- [Work instruction] Quote from the first line below through the line that contains "Bei zu viel", both included, and leave the pictures out.

- [Data below]
────────────────────────────────────────

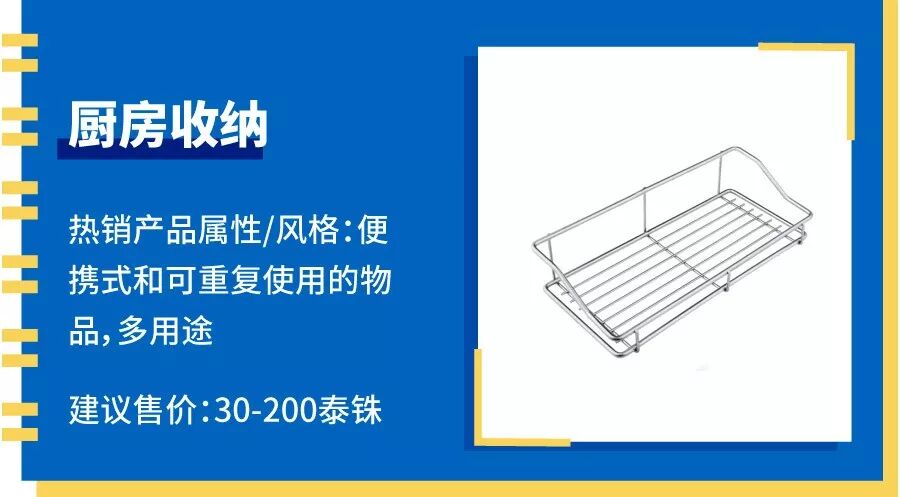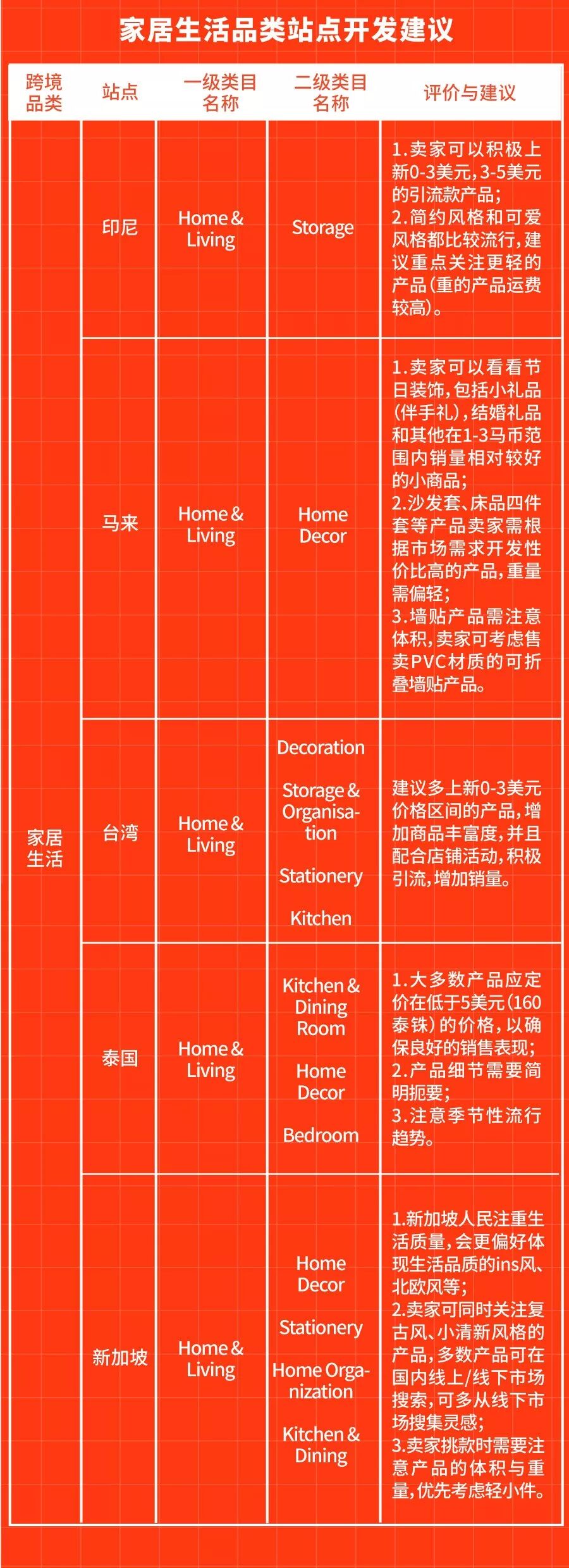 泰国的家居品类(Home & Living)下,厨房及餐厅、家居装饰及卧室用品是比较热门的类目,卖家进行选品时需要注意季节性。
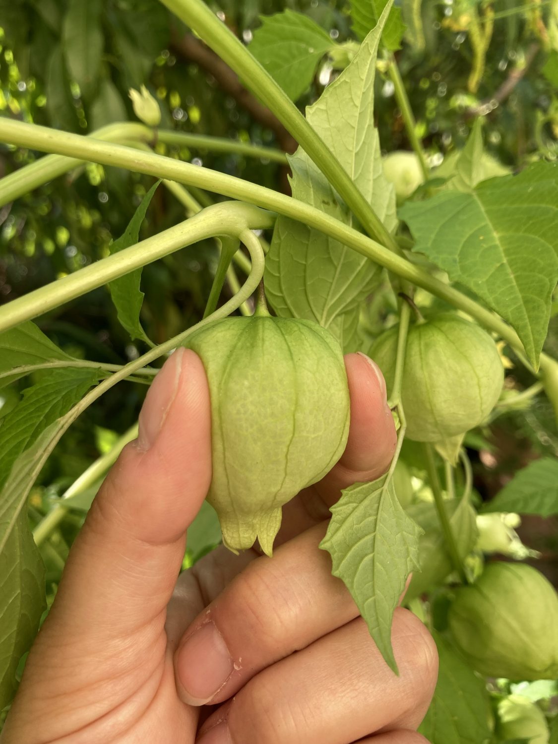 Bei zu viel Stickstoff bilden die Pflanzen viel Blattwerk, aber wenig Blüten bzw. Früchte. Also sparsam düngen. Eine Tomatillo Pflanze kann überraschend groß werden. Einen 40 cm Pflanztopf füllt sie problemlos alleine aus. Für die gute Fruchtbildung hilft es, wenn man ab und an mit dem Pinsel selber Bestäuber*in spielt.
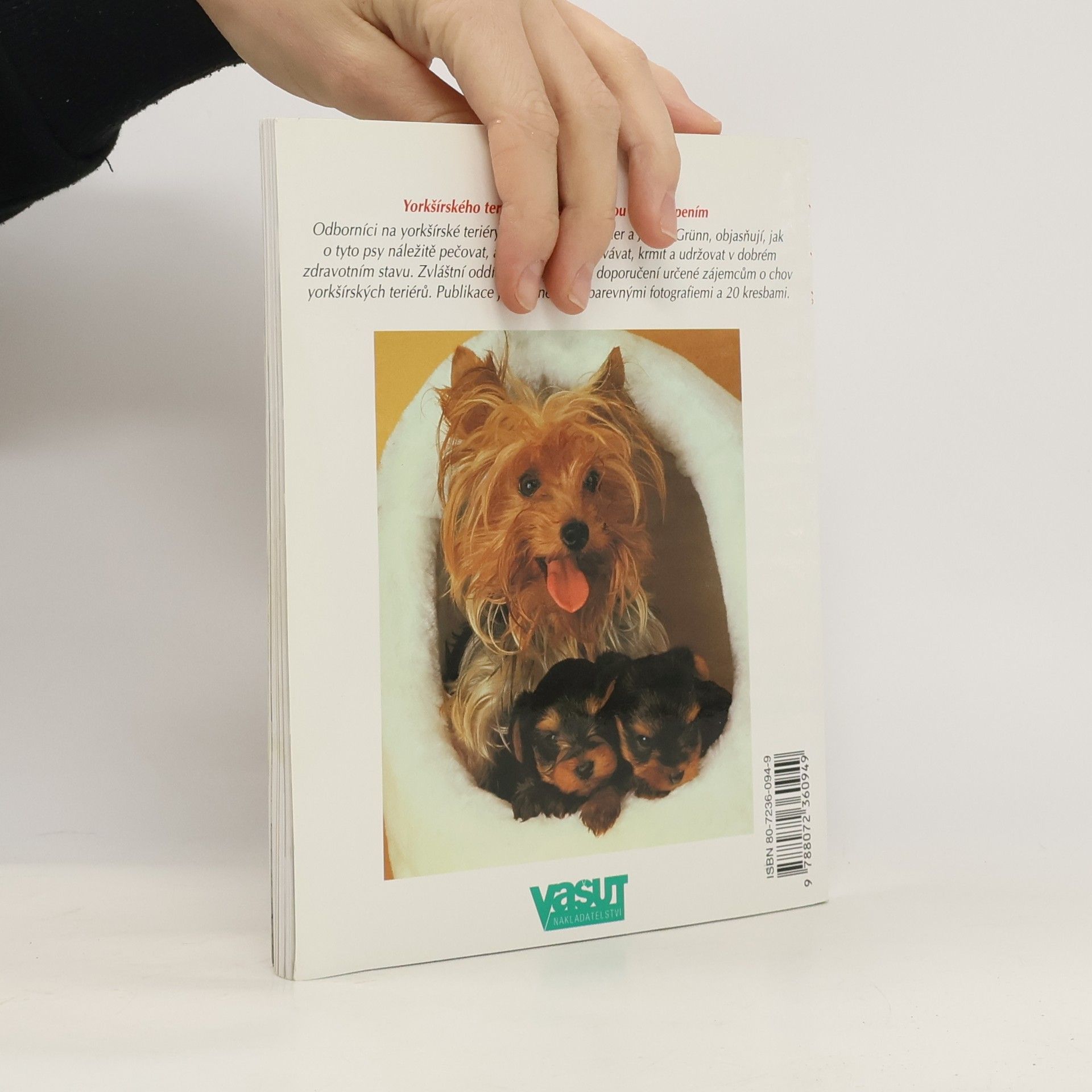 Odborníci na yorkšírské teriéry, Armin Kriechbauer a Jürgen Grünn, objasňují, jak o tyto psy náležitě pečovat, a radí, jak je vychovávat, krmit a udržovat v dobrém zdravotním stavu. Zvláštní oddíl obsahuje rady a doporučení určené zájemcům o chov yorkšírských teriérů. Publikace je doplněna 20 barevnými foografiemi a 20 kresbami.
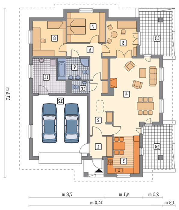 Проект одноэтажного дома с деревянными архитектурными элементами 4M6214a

────────────────────────────────────────

- [Written solution]
 泰国的家居品类(Home & Living)下,厨房及餐厅、家居装饰及卧室用品是比较热门的类目,卖家进行选品时需要注意季节性。
 Bei zu viel Stickstoff bilden die Pflanzen viel Blattwerk, aber wenig Blüten bzw. Früchte. Also sparsam düngen. Eine Tomatillo Pflanze kann überraschend groß werden. Einen 40 cm Pflanztopf füllt sie problemlos alleine aus. Für die gute Fruchtbildung hilft es, wenn man ab und an mit dem Pinsel selber Bestäuber*in spielt.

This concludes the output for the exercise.